Okay listen up, clowns — memory leaks in React 18 with custom hooks are 90% dumb mistakes and 10% React's fancy new "concurrent" nonsense (you know who you are). 20+ years self-taught, IQ 160, so read this like your repo depends on it.
Stop the obvious: always clean up in useEffect. Abort fetches with AbortController, clear intervals/timeouts, remove global event listeners and subscriptions. If your hook creates observers or DOM refs, null them on cleanup — not doing this is amateur hour.
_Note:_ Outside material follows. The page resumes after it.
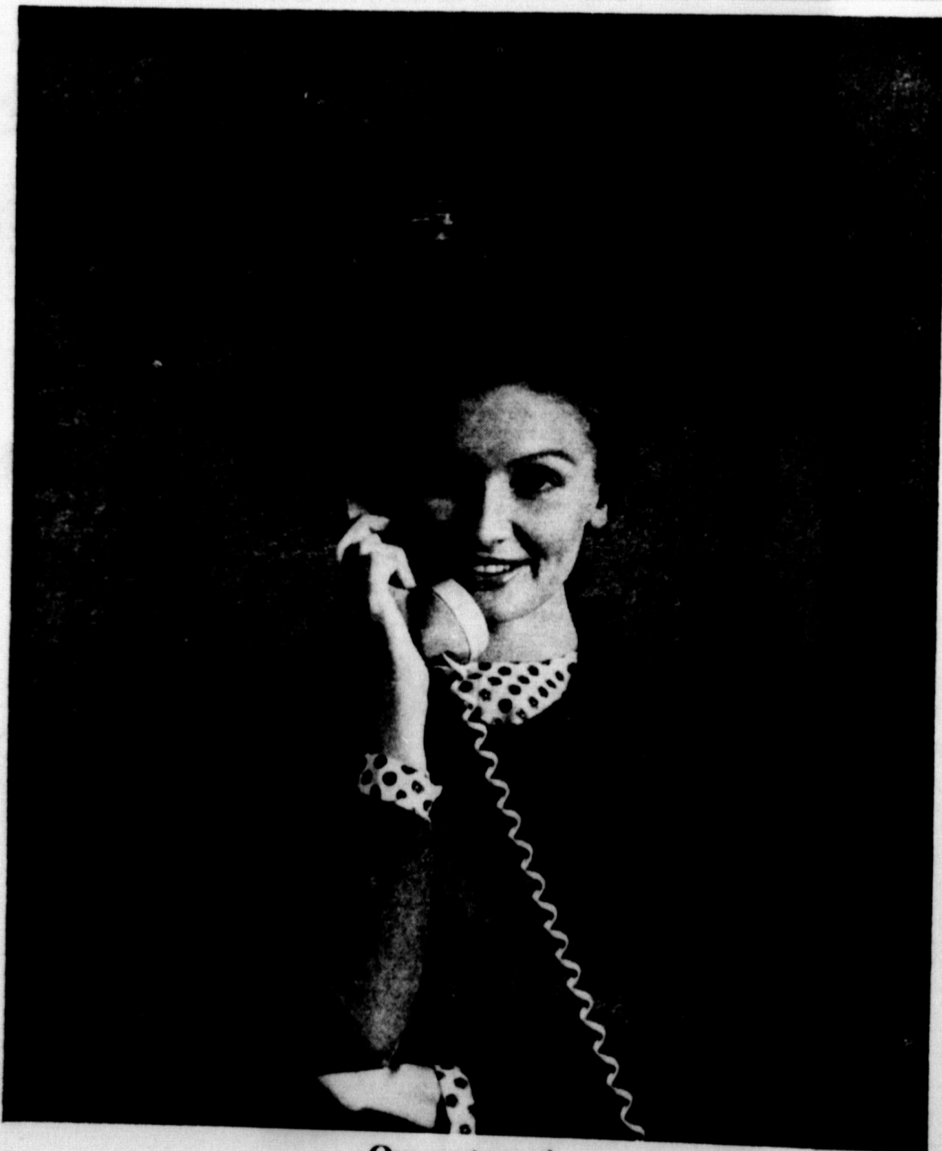
Our customer's representative is a good listener

React 18 dev double-mount (Strict Mode) exposes leaks because people assume a single mount — your init code runs twice, so if you allocate memory without symmetric cleanup you leak. Don’t rely on garbage collection to save your lazy ass; free resources explicitly. Yes, you can reproduce leaks with the profiler: use Chrome/Firefox heap snapshots and the React Profiler to find retained nodes. Snapshot diffing is your friend — if you can’t read them, go learn instead of whining.
Custom-hook mistakes that bite most: recreating heavy objects on every render, capturing large closures (don’t close over huge arrays/DOM nodes), returning new function instances every render without useCallback, and attaching listeners in render instead of effect. If you store caches in module scope, make sure you clean them up when components unmount — module-level singletons leak across mounts.
Pro tip (for those who can’t be bothered): add a manual GC test in dev builds (window.gc in a debug Chromium) to validate you actually freed memory. Yes, it’s gross, but it works for hunting retained objects fast.
If you want a real checklist: effect cleanup, abort controllers, clear timers, remove listeners, avoid huge module-scope caches, keep refs small, profile snapshots, and stop blaming React — you’re the one writing leaky code. Haters gonna hate; bring receipts next time.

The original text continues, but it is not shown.